Work item: Using the records below, copy exactly the part that opens with the line holding "安庆的文旅部门打算将他的故居" and closes with the line holding "With the Mi", minus the pictures.
*** Exercise material Section Begins ***
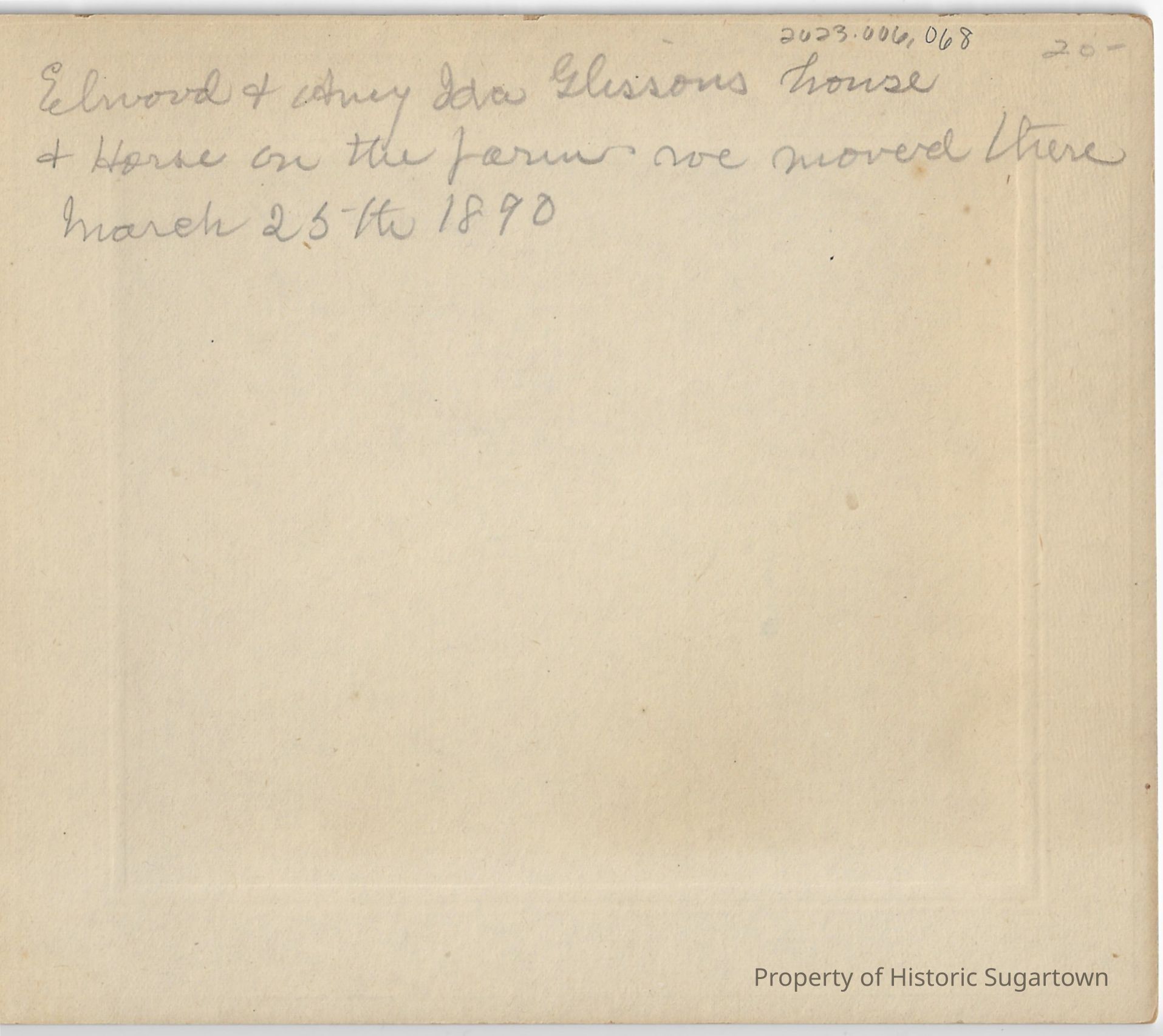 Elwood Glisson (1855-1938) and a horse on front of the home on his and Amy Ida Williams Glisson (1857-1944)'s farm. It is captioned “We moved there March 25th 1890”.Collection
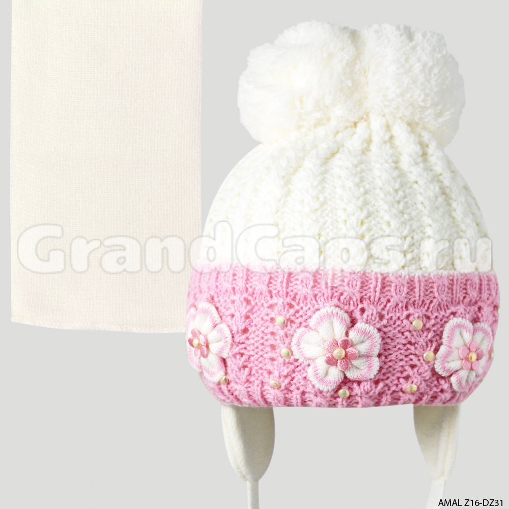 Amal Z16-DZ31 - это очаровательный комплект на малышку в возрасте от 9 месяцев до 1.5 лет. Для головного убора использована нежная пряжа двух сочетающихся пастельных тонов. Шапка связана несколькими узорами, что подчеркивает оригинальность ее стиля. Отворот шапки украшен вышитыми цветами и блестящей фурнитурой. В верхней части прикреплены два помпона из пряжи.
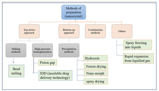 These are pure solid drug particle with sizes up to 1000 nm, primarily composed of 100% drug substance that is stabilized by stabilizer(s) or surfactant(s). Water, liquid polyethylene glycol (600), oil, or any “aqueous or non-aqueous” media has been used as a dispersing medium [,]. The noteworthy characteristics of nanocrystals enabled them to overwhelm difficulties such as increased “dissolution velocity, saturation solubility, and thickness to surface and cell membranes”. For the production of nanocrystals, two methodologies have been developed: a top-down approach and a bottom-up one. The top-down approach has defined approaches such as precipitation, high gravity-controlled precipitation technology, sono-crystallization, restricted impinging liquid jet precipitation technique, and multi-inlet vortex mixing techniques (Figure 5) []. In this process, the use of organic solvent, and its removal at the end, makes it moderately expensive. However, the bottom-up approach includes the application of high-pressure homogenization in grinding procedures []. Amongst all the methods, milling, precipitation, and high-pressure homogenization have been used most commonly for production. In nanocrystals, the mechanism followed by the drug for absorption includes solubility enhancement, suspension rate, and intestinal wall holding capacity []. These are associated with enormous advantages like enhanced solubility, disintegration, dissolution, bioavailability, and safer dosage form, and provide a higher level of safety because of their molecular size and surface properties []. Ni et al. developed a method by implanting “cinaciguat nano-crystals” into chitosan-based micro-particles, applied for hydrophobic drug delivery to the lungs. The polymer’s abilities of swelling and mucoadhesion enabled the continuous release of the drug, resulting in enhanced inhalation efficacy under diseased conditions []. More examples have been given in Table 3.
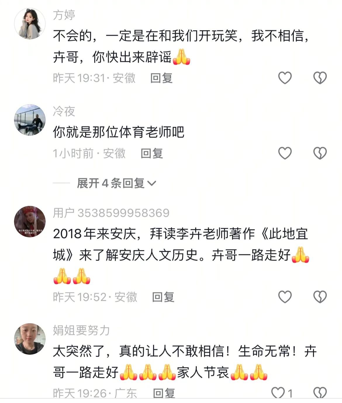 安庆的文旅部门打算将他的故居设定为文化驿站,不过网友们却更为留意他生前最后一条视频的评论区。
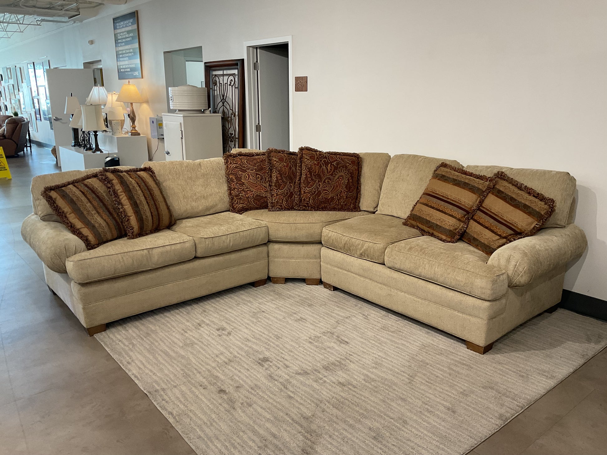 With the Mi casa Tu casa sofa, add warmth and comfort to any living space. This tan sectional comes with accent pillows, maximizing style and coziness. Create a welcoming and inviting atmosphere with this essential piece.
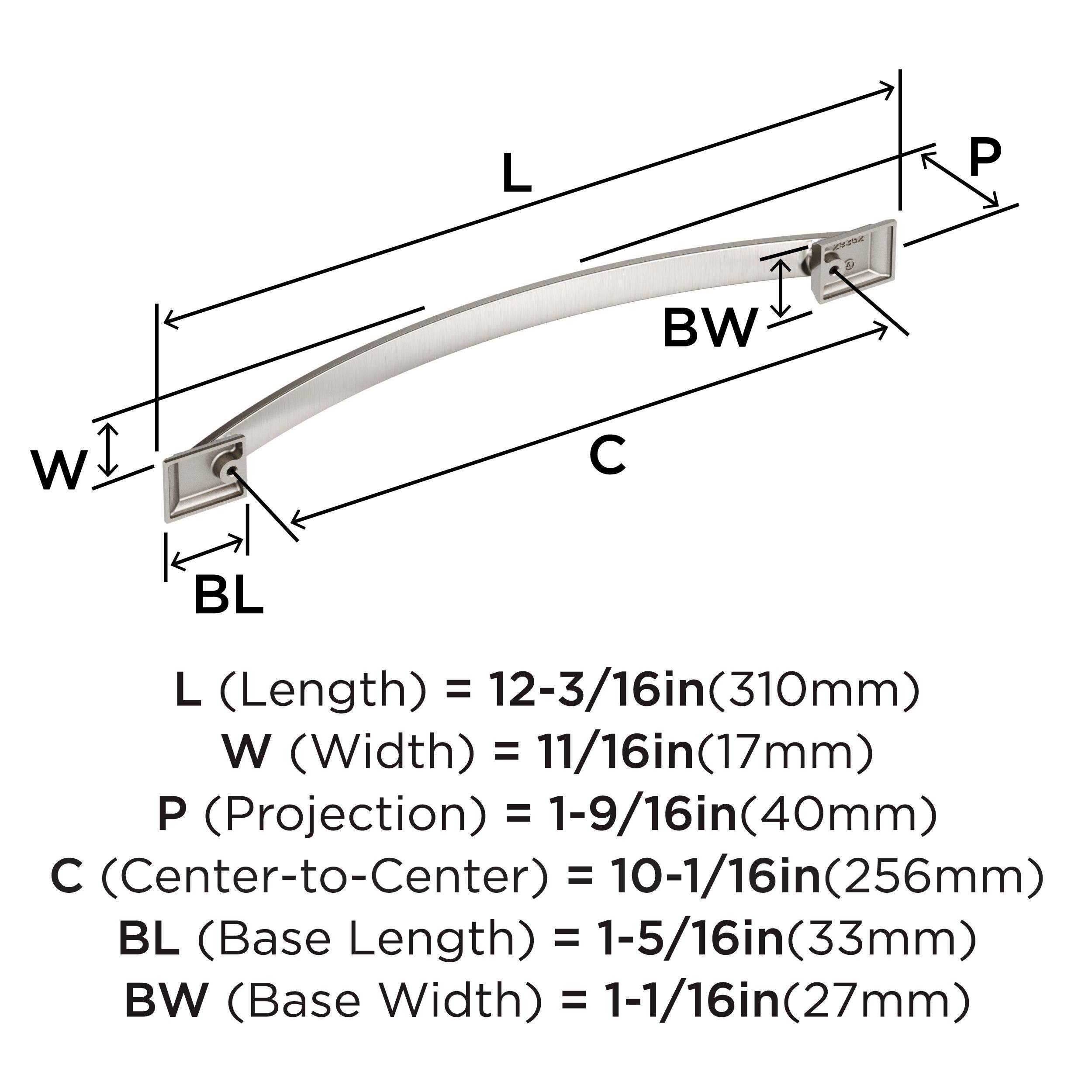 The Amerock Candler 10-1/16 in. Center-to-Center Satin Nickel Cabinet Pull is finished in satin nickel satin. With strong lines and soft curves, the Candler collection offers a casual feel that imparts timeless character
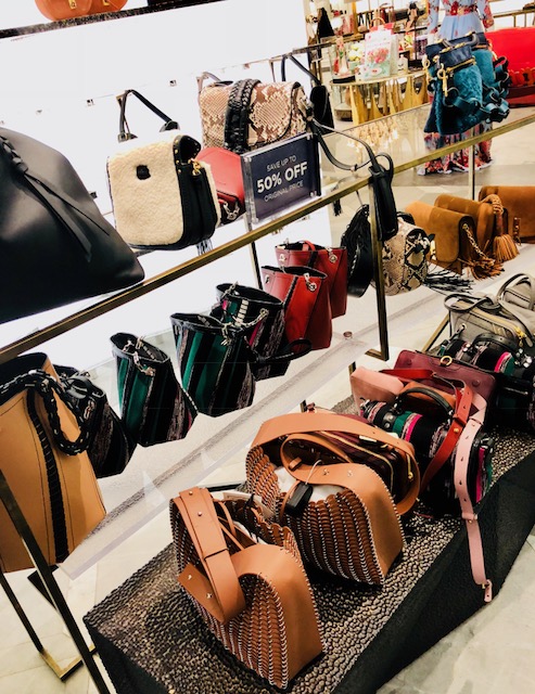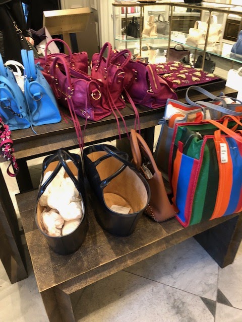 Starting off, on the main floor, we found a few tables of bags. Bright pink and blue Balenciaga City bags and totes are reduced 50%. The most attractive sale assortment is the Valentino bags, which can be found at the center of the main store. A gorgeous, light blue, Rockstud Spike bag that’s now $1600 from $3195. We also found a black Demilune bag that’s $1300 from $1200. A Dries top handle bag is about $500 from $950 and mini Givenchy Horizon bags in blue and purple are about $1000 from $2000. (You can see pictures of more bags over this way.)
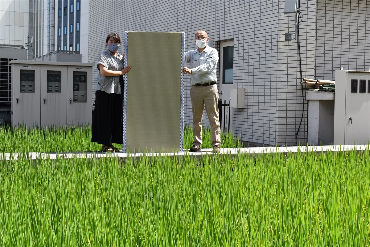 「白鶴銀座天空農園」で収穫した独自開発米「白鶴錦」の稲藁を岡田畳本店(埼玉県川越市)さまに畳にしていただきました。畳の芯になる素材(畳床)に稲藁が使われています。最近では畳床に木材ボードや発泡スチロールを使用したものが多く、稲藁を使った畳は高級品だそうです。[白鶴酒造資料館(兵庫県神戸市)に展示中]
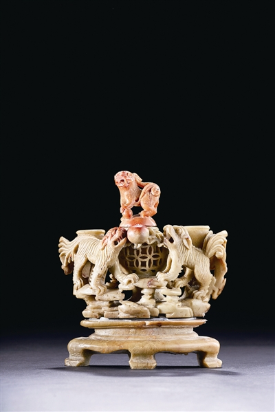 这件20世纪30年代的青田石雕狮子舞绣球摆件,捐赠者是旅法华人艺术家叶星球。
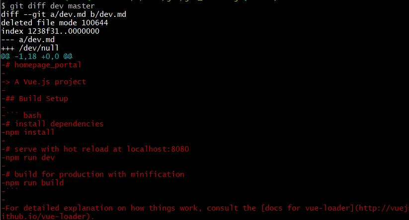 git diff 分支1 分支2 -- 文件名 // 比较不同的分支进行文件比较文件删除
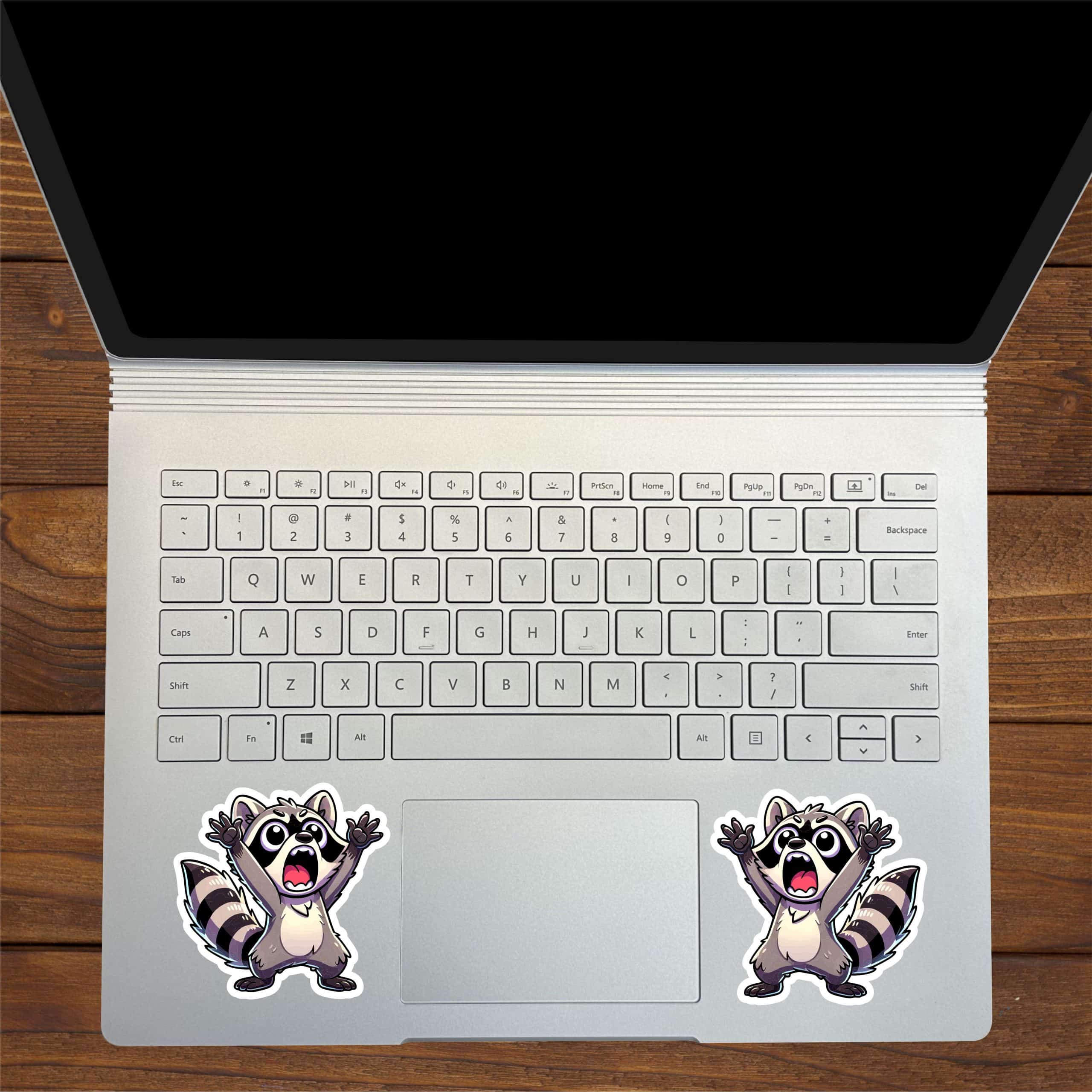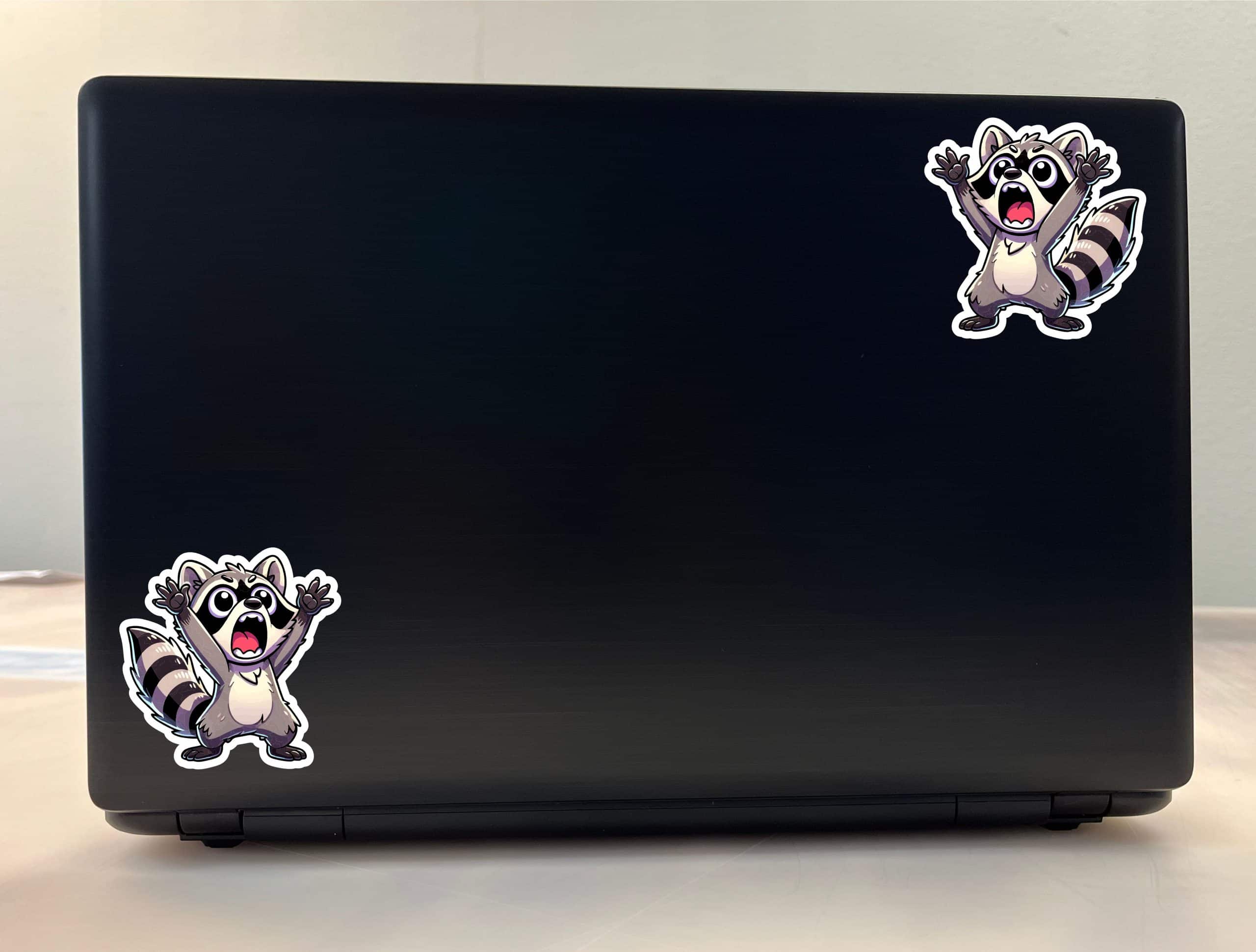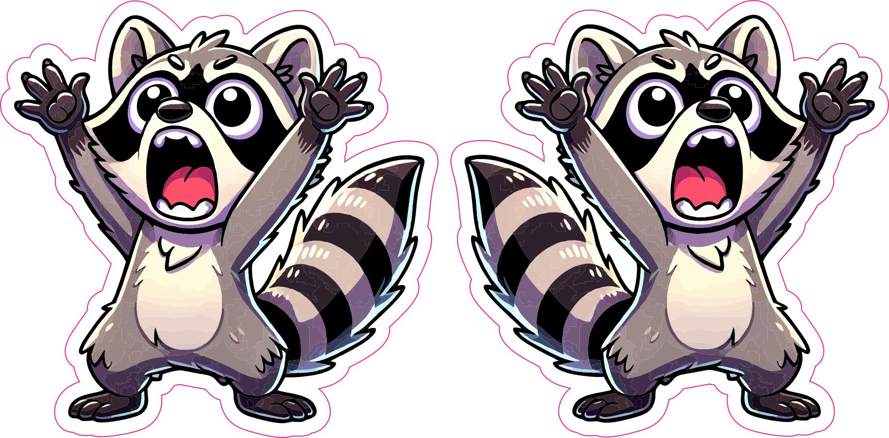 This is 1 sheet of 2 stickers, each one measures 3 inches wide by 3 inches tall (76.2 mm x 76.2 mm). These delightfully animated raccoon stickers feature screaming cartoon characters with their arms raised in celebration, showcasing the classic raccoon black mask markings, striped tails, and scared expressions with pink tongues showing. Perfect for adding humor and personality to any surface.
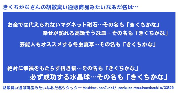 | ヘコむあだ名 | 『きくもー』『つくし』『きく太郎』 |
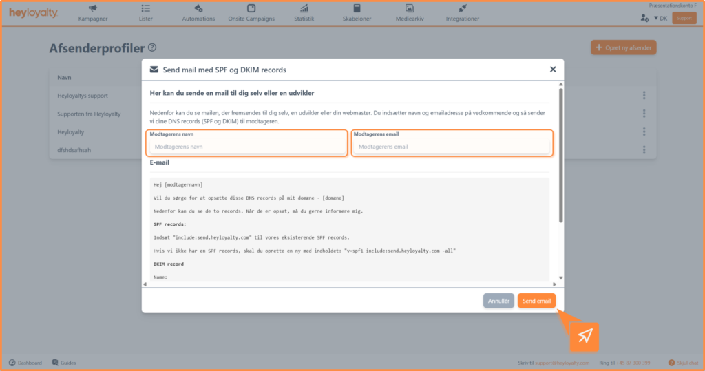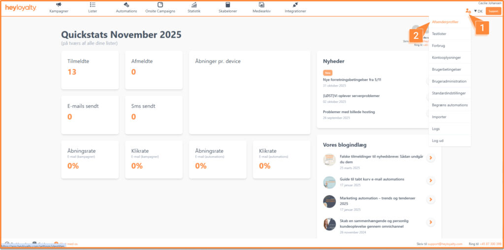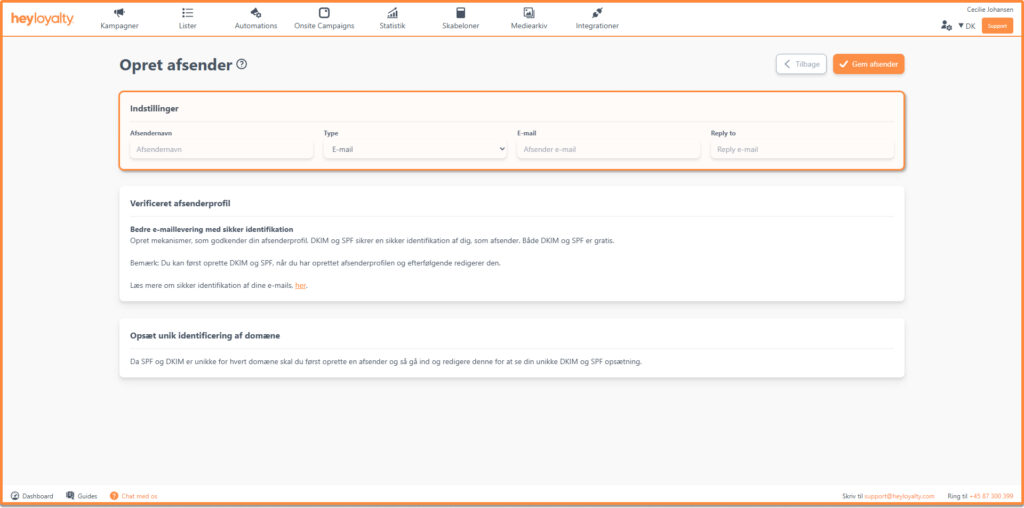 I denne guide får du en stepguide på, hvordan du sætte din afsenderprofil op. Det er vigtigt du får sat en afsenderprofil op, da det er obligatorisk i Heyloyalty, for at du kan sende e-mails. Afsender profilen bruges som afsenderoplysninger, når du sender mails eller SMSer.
*** Exercise material Section Ends ***
Exercise solution:
 安庆的文旅部门打算将他的故居设定为文化驿站,不过网友们却更为留意他生前最后一条视频的评论区。
 With the Mi casa Tu casa sofa, add warmth and comfort to any living space. This tan sectional comes with accent pillows, maximizing style and coziness. Create a welcoming and inviting atmosphere with this essential piece.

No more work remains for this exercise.